Los sobrevivientes de aquellos años sólo podemos aspirar a ser eslabones de una cadena tendida hacia el futuro. Además de Raquel Camps debía estar aquí Angela Urondo, la hermana de Javier e hija de Paco, pero se quedó en Mendoza porque hoy declaró en el juicio por el asesinato de su papá y el secuestro de su mamá.
Raquel se preguntaba recién qué dirían su papá y su mamá Rosa María Pargas, si la vieran aquí, a mi lado. A Raquel y Angelita les cambié los pañales cuando tenían pocos meses. A Javier también lo conocí de pantalones cortos y lo recuerdo como un héroe infantil. El fue quien descubrió que habían allanado y saqueado la casa de Paco en 1973 y corrió a avisar, lo que salvó a otras personas. Por todo eso es imposible limitarse a un análisis frío del texto que hoy se reedita. Además, estuve presente en el momento en que se generó.
El 24 de mayo de 1973, los presos políticos tomaron desde adentro los pabellones de la cárcel de Devoto para garantizar que se cumpliera la promesa de liberarlos cuando asumiera el gobierno popular. Así Paco pudo reunirse con Alberto, con María Antonia Berger y con René Haidar, los tres sobrevivientes de la masacre de la base aeronaval de Trelew del 22 de agosto del año anterior. Javier Urondo dijo que la entrevista salió fluida, porque el padre del detenido Sergio Paz Berlín, Oaky, había conseguido entrar dos botellas de buen whisky. Recuerdo que además pudo hacer pasar varios pollos rotisados.
En ese momento yo trabajaba en Clarín. Ante la inminencia del regreso de Perón a la Argentina, ese diario había contratado a varios periodistas vinculados con el nuevo proceso político, como Pablo Piacentini, Luis Guagnini y yo.
Clarín trataba de blanquear su historia de complicidad con la dictadura y a nosotros nos venía muy bien para expresar nuestras posiciones en un medio masivo.

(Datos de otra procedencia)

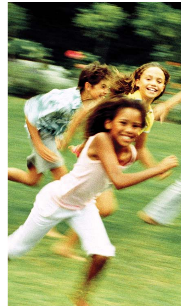
Children's play area

Con la credencial de Clarín pude entrar a la cárcel y acompañar a los compañeros. Mi crónica se publicó en la edición del 26 de mayo.
Poco después me fui a hacer Noticias, el diario de Montoneros que dirigió Paco. Aquella noche, con las dos botellas que recuerda Javier, Alberto, Maria Antonia y el Turco se encerraron en una celda con Paco, quien comenzó a grabar.
Perón y otras cuestiones
Para intentar pese a tanta emoción el análisis crítico, elegí unos pocos pasajes de aquel diálogo. María Antonia Berger dice que en los últimos meses “hemos profundizado mucho la caracterización del Movimiento, en el rol del general Perón. Además, en parte, las organizaciones armadas, de ser grupos armados, creo que hemos llegado a ser, o somos ya, los embriones de la vanguardia. Y eso va mostrando un cambio cualitativo en cuanto a nuestro papel”.
Dice que la dictadura de Lanusse “trató de separarnos de Perón” para impedir
“lo que se dio en los meses posteriores: la unidad entre un pueblo, las organizaciones armadas y Perón”.
Durante el reportaje en el aeropuerto, Mariano Pujadas dice que la fuga es significativa de la voluntad de unirse de Montoneros, FAR y ERP, de “luchar juntos por la liberación de nuestro pueblo. Hoy nos separan algunas diferencias políticas, pero estamos seguros que al calor de la lucha estas diferencias van a ser superadas”.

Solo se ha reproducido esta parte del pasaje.